There is a difference between reinterpreting other knowledge and just Frankensteining multiple work together

BoscoBear@lemmy.sdf.org · 11 months ago

I don’t know enough about LLMs but Neural networks are capable of original thought. I suspect LLMs are too because of their relationship to Neural Networks.

A_Very_Big_Fan@lemmy.world · 11 months ago

if I pirate a movie and then only I watch it, I don’t think anyone would really think I should be arrested for that, so why is it unacceptable for them but fine for me?

Because it’s more analogous to watching a video being broadcasted outdoors in the public, or looking at a mural someone painted on a wall, and letting it inform your creative works going forward. Not even recording it, just looking at it.

As far as we know, they never pirated anything. What we do know is it was trained on data that literally anybody can go out and look at yourself and have it inform your own work. If they’re out here torrenting a bunch of movies they don’t own or aren’t licencing, then the argument against them has merit.

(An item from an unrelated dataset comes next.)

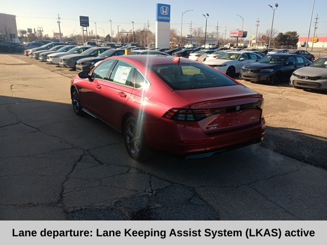 Drive Forever limited lifetime engine and transmission protection on all eligible new vehicles. Every new vehicle includes a complimentary rental vehicle when you have any Service completed for three full years. Conklin Automotive Hutchinson New Car Dealership near Wichita, Kansas. This stunning 2025 Honda Accord Hybrid EX-L in captivating Red is a testament to Honda's commitment to innovation and sustainability. With its exceptional fuel efficiency, advanced technology features, and premium interior appointments, this Accord Hybrid delivers an unparalleled driving experience that will exceed your expectations. Powered by a 2.0L I4 DOHC 16V engine and an efficient eCVT transmission, this Accord Hybrid delivers an impressive 51 MPG in the city and 44 MPG on the highway, making it an exceptional choice for the eco-conscious driver. The sleek and modern exterior design, combined with the spacious and well-appointed interior, creates a harmonious blend of style and functionality. Step inside the Accord Hybrid and you'll be greeted by a wealth of premium features, including dual-zone automatic climate control, a power moonroof, and a state-of-the-art infotainment system with Apple CarPlay and Android Auto integration. The leather-trimmed seats and heated front seats provide unparalleled comfort, while the Blind Spot Information System and Lane Keeping Assist System ensure your safety on the road. Boasting a suite of advanced safety technologies, the Accord Hybrid EX-L is designed to keep you and your loved ones protected. From the comprehensive airbag system to the Electronic Stability Control and Brake Assist, this vehicle is engineered to provide you with peace of mind every time you get behind the wheel. With a meticulous attention to detail and a commitment to excellence, this 2025 Honda Accord Hybrid EX-L is a true standout in the midsize sedan segment. Experience the perfect blend of efficiency, technology, and luxury by scheduling a test drive today. We're confident that this exceptional vehicle will exceed your expectations and become your trusted companion on the road.

But until then, I think all of this is a bunch of AI hysteria over some shit humans have been doing since the first human created a thing.

StarPupil@ttrpg.network · 11 months ago

An AI (in its current form) isn’t a person drawing inspiration from the world around it, it’s a program made by people with inputs chosen by those people. If those people didn’t ask permission to use other people’s licensed work for their product, then they are plagiarising that work, and they should be subject to the same penalties that, for example, a game company using stolen art in their game should face. An AI doesn’t become inspired, it copies existing things to predict what it thinks its user wants to see. If we produce a real thinking AI at some point in the future, one with self determination and whatnot, the story will be different, but for now it isn’t.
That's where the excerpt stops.